A phobia is a fear that is inappropriately intense and/or which may lead to avoidance and affect your quality of life. It is very common for people to have a phobia of something – heights, spiders, water… Phobias generally don't diminish over time because the sufferer tends to avoid the thing he or she fears. There are three main types of phobia. Specific phobias are fears of specific objects or situations (brontophobia, for example, is the fear of thunder). Social phobias are fears of a range of situations where you may be exposed to evaluation (such as public speaking). Agoraphobia is the fear of leaving a place of safety. It is often associated with panic because the fear response is very powerful. Advice on social phobia can be found in the section on this website on Social Anxiety and Shyness. Advice on agoraphobia can be found in the section on Panic.

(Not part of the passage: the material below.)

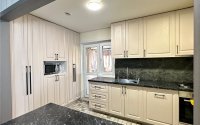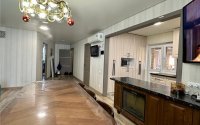 Кухня разделена на рабочую и гостиную зоны.

What is the difference between normal fear and a phobia? There are many situations or objects that frequently trigger fear in people. A fear becomes a phobia when it is out of proportion to the real level of danger in a situation and when it leads to reactions that are extreme. For some people, phobias can significantly interfere with their life and their happiness.

People with specific phobias feel very anxious if they have to face up to their fear, and usually, try to escape from the situation as quickly as they can. They may also feel anxious if they think they are likely to meet the feared object or situation in the near future. Because their fear is so extreme, they will often go to great lengths to avoid the particular object or situation that frightens them.

Some people with phobias are symptom-free as long as they can avoid the feared object or situation and – for the most part – they are able to carry on with their lives normally. However, phobias and the related anxiety can become so severe that they cause problems in day-to-day living. For example, fear of needles could stop someone from going for an important medical test, and a fear of thunderstorms could prevent someone from going outside every time it looked as if it might rain.

When people come into contact with the object or situation that terrifies them or leaves them panic-stricken, they experience a variety of symptoms. Physical symptoms of anxiety almost always occur. These may include increased heart rate, sweating, trembling, fast and shallow breathing, muscle tension or weakness, dizziness, ‘butterflies’ in the stomach, dry mouth and difficulty swallowing.